Aragua Penitentiary Center
- Location: Tocorón, Zamora Municipality, Aragua, Venezuela; 10°05′00″N 67°34′38″W﻿ / ﻿10.083333°N 67.577222°W;
- Status: Operational
- Security class: Maximum security
- Capacity: 750
- Population: 7,000 (2016)
- Opened: 1982
- Managed by: Ministry of People's Power for Penitentiary Service
- Director: Rigoberto Jesús Fernández Colina
- Warden: Ezequiel Antonio Pérez Rivero

= Aragua Penitentiary Center =

Prison in Aragua State, Venezuela

The Aragua Penitentiary Center, also known as Tocorón prison, is a prison in Venezuela located in the town of Tocorón, in Aragua State.
==History==
The prison was built in 1982 with a capacity for 750 inmates; by 2016 it housed over 7,000 prisoners.

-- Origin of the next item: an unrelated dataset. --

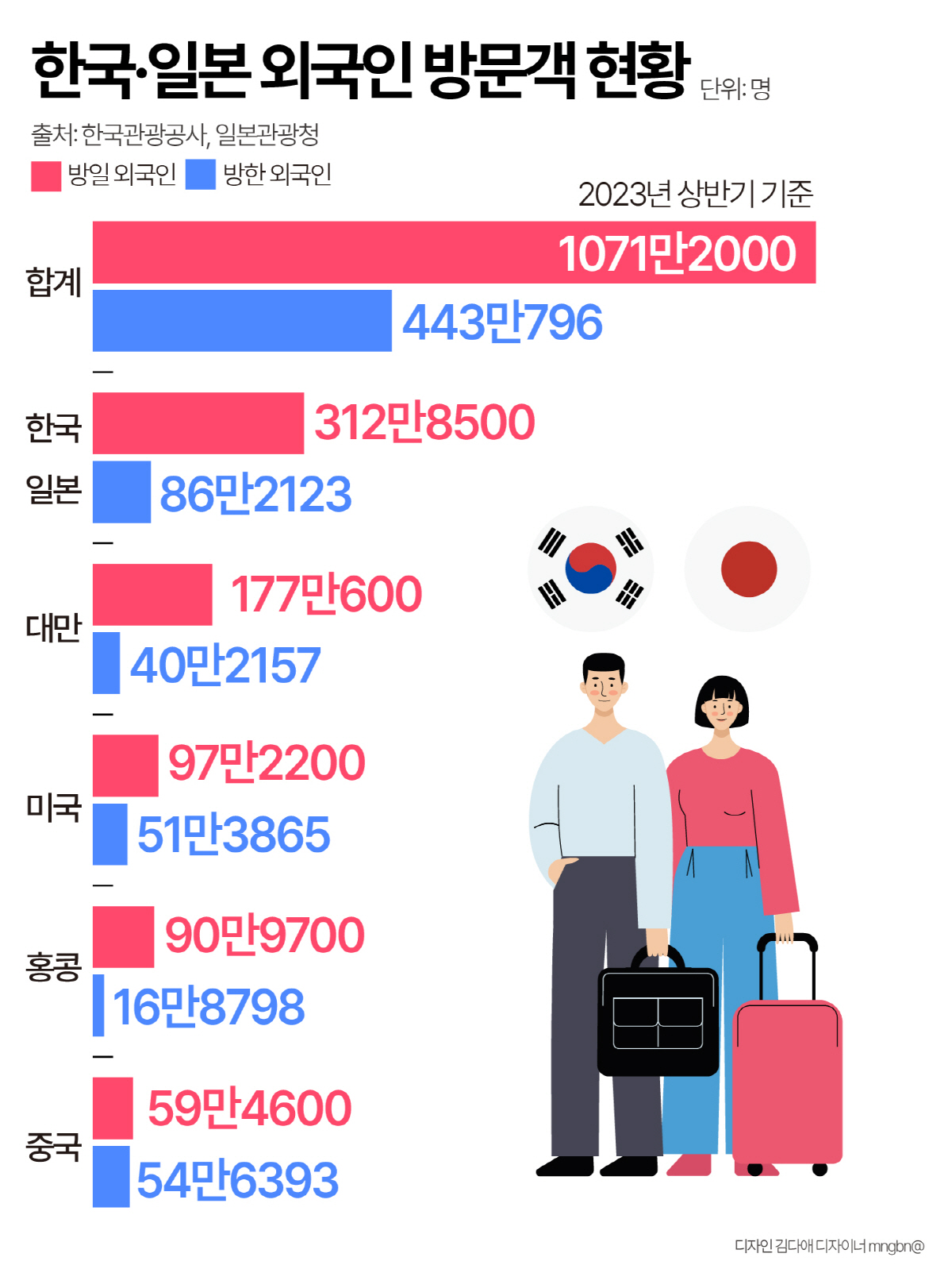 올해 상반기 일본을 찾은 외국인은 1071만2000명으로 한국을 찾은 외국인 443만796 명의 2.4배다.

On 15 March 2007, 300 inmates began a hunger strike in protest at mistreatment of prisoners and their visitors; on 4 May, an internal riot left two dead and 23 injured, including the prison’s deputy director, Francisco Marcano.

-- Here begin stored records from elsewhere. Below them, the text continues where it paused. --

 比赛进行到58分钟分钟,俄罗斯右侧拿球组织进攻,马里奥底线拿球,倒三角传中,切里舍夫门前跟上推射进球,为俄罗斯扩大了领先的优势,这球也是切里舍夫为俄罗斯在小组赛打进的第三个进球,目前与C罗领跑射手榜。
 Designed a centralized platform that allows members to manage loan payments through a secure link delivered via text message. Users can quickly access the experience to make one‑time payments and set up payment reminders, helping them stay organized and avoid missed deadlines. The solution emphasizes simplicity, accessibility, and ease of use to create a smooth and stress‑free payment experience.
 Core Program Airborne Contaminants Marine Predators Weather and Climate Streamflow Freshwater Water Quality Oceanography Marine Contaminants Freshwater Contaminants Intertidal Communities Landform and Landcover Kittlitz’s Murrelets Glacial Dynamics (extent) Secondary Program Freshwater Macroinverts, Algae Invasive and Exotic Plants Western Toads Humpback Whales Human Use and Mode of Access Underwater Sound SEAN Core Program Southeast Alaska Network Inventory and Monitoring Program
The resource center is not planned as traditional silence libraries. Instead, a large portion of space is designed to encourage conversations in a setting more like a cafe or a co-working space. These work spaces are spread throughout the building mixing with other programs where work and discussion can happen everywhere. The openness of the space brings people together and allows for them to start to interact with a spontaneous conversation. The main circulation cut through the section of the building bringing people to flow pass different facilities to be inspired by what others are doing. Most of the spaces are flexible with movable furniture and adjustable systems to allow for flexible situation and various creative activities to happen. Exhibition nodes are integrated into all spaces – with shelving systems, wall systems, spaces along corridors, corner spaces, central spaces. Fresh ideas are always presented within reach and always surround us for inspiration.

In 2010, a clash over control of the facility left 16 dead.

The prison, like most Venezuelan facilities, suffers from serious administrative, health and security deficiencies. In 2014, organised crime took control of the complex.

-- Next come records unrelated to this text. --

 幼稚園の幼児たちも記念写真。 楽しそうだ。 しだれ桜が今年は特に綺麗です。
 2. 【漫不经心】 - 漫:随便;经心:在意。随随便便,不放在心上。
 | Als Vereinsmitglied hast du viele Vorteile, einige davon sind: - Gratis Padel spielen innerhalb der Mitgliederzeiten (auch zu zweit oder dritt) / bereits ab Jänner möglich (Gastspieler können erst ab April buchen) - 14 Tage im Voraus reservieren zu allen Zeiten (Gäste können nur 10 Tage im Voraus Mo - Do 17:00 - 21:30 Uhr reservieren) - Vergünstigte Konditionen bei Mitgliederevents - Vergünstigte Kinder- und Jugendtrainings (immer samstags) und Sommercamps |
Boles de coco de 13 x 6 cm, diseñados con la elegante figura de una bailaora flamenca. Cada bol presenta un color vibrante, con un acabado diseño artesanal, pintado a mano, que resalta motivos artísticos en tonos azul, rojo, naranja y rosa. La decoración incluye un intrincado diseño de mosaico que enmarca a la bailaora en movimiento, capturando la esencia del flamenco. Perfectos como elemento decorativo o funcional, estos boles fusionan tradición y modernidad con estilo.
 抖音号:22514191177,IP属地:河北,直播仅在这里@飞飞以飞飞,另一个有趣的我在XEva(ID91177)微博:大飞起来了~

It is one of the most violent prisons in the country, where inmates, heavily armed (even with hand grenades), engage in bloody gang clashes. The criminal organization known as the Tren de Aragua emerged here.

The complex controlled by Tren de Aragua featured a swimming pool, a nightclub, a baseball stadium and a zoo, as well as tunnels allowing free entry and exit.

== 2023 prison raid ==
In September 2023, the penitentiary became the focus of national and international attention due to an operation to retake control of the prison led by the Bolivarian National Armed Forces (FANB) called Operation Liberation Cacique Guaicaipuro, and the leader of the criminal gang, Héctor Guerrero Flores, escaped before the raid.
On 20 September, around 11,000 FANB agents were deployed to Tocorón to neutralise about 5,500 inmates, many armed. This deployment raised scepticism among experts and the public over its legitimacy and transparency, especially after authorities initially failed to confirm the whereabouts of thousands of inmates post-operation. A major of the Bolivarian National Guard died during the operation.
The Attorney General of Venezuela, Tarek William Saab, called the action a “crushing blow” to organised crime. However, observers such as Humberto Prado, director of the Venezuelan Prisons Observatory (OPV), opined that the unusually quick success of the operation compared with previous prison interventions seemed suspicious. Tocorón was identified as the base of Héctor Guerrero Flores, leader Tren de Aragua; a gang with influence across regions and internationally. Flores, who had already served his sentence but nevertheless voluntarily remained in the prison, left it days before the operation, and his closest lieutenants also managed to escape. Prado claimed that he had received reports that the intervention had been discussed with Flores in advance. The intervention also coincided with international reports on possible human rights violations in Venezuela, leading some to speculate that motives extended beyond prison security.